Problem: Give back the exact lines of the material below from the one containing "写真では判りにくいけど、ピン" through the one containing "欣小妹凌晨12点在救护车上做出镜报道", and no pictures.

Data extracts: Begin

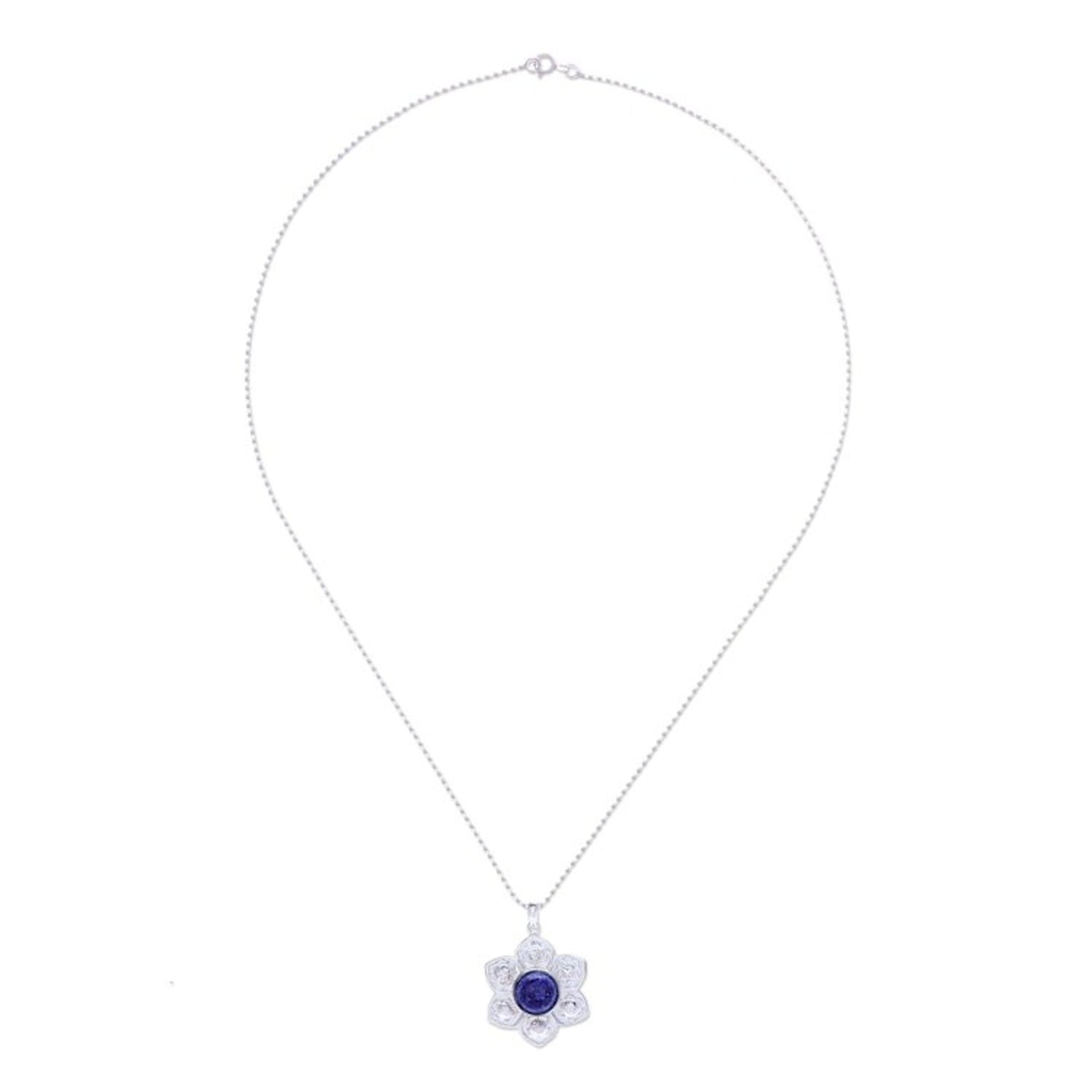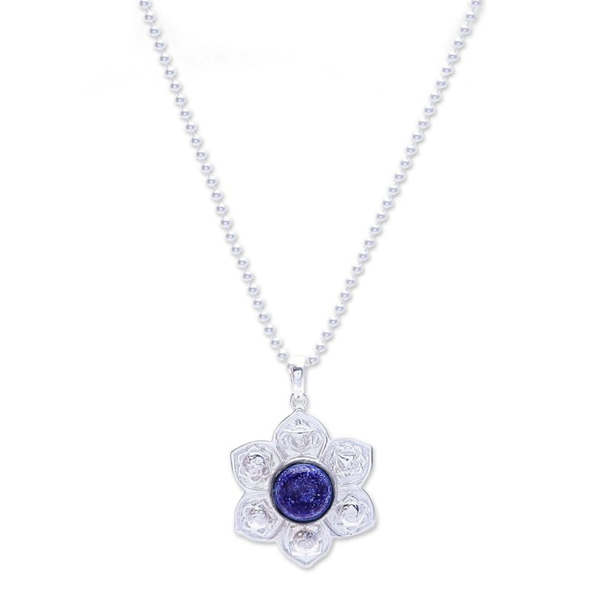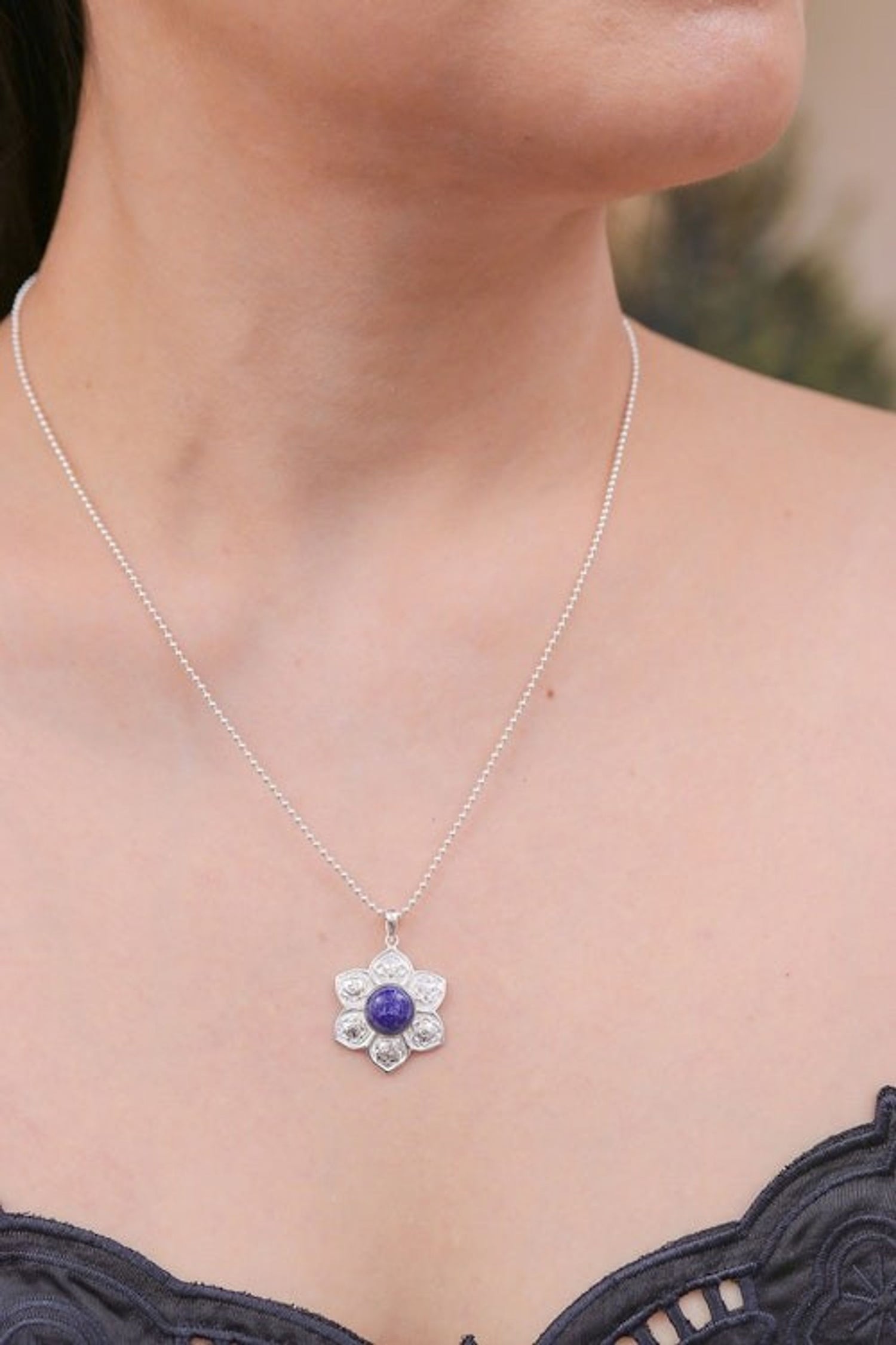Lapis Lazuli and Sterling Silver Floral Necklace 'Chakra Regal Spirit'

Data extracts: End
Data extracts: Begin

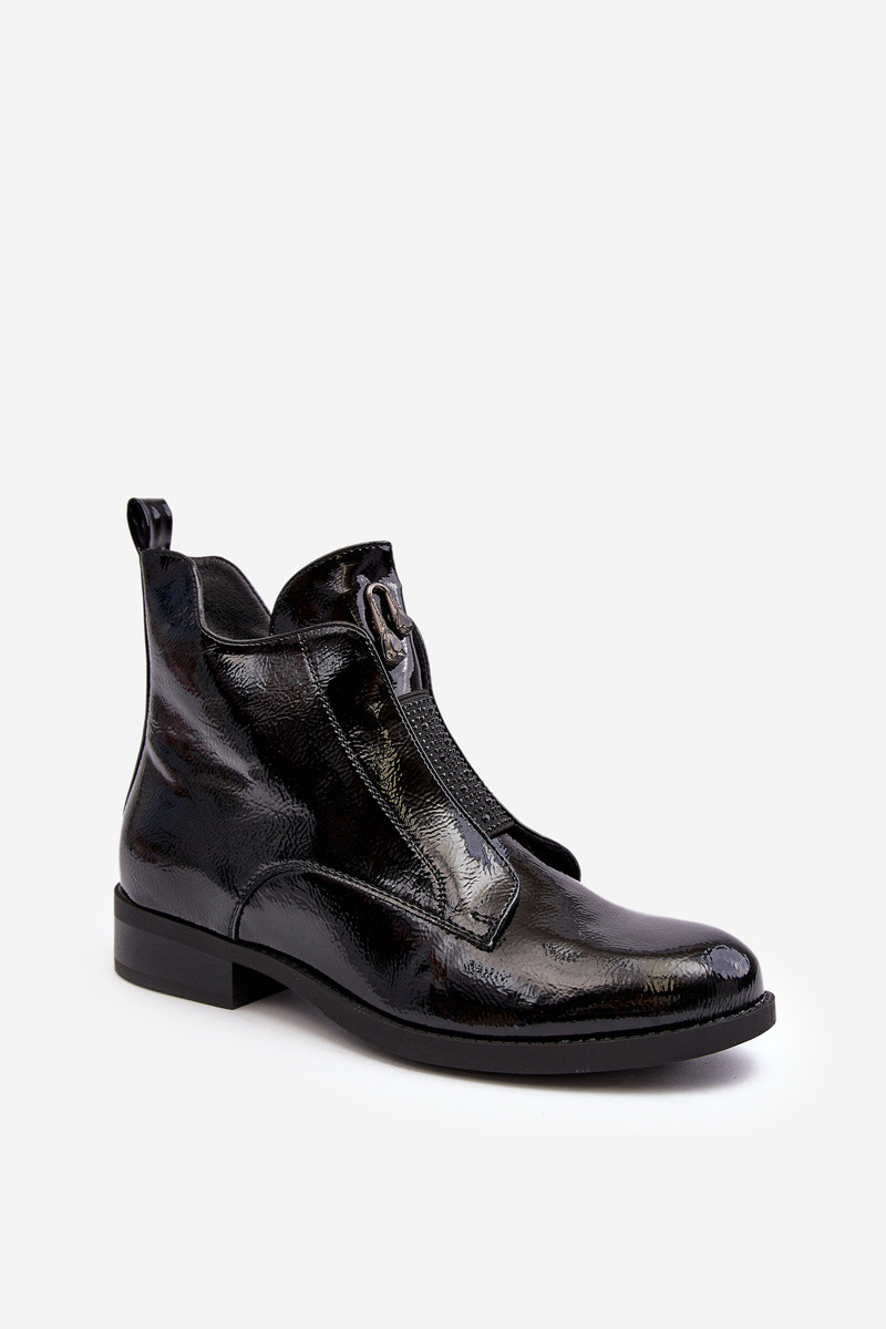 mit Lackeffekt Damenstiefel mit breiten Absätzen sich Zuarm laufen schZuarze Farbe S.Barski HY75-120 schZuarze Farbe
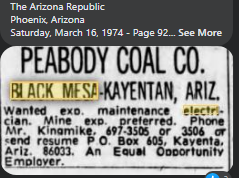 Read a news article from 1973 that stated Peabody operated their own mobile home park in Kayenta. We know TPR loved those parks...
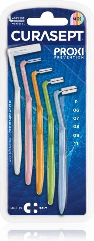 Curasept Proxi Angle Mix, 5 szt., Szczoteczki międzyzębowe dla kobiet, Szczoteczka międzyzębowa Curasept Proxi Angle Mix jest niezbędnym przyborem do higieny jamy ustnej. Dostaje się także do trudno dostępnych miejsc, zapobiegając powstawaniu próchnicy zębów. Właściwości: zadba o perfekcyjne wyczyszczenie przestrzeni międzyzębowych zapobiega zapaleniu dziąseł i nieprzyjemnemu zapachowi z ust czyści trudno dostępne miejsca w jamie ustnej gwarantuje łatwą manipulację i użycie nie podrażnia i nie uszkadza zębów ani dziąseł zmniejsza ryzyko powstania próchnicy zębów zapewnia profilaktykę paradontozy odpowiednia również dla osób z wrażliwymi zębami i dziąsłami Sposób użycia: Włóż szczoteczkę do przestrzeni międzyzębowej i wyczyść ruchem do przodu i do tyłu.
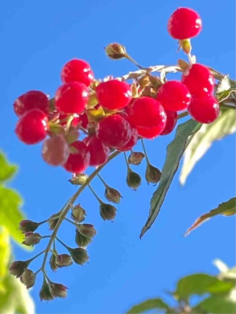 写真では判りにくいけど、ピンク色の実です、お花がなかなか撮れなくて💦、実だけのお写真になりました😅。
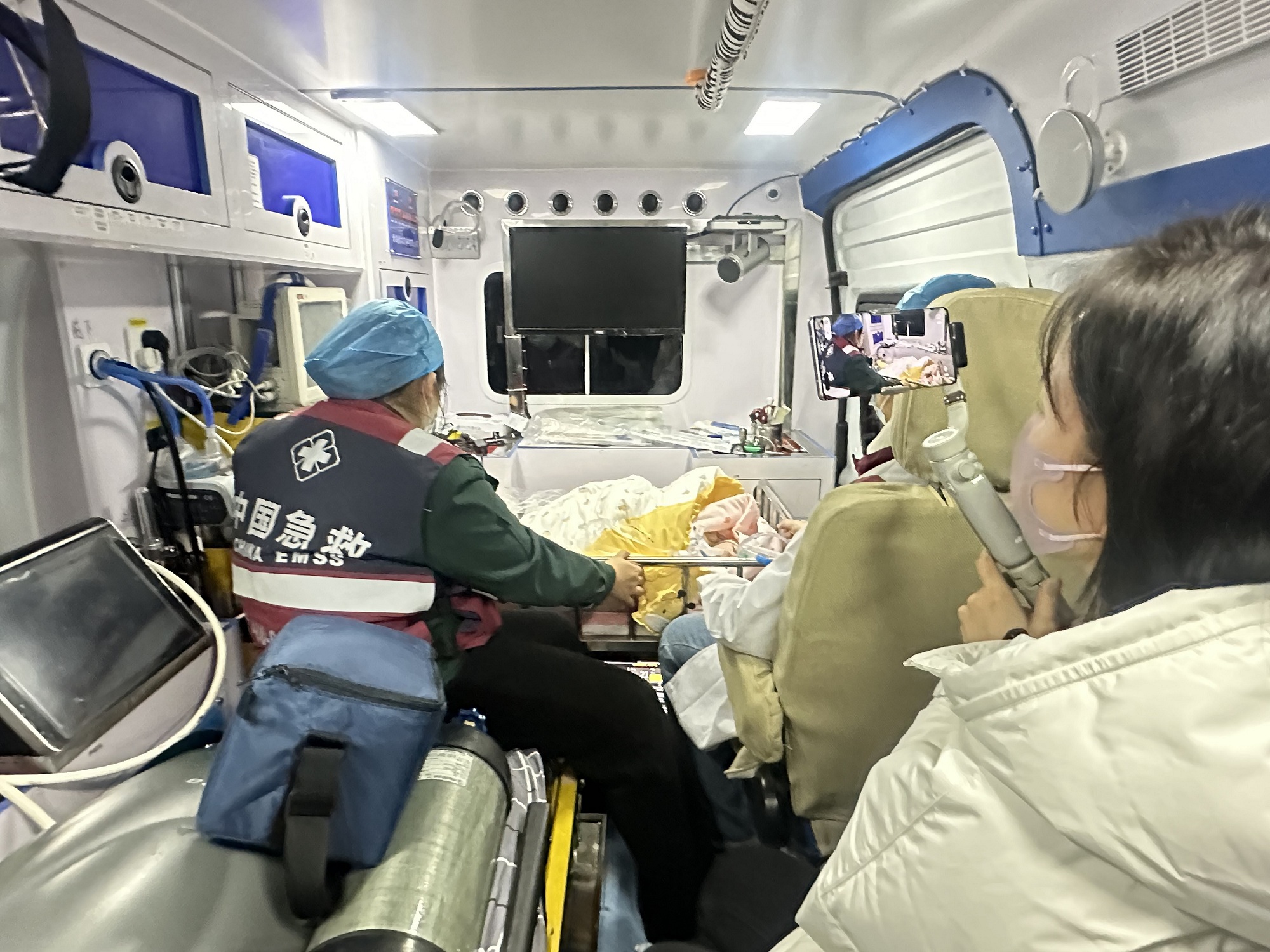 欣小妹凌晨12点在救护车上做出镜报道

Data extracts: End

Output for this task:
 写真では判りにくいけど、ピンク色の実です、お花がなかなか撮れなくて💦、実だけのお写真になりました😅。
 欣小妹凌晨12点在救护车上做出镜报道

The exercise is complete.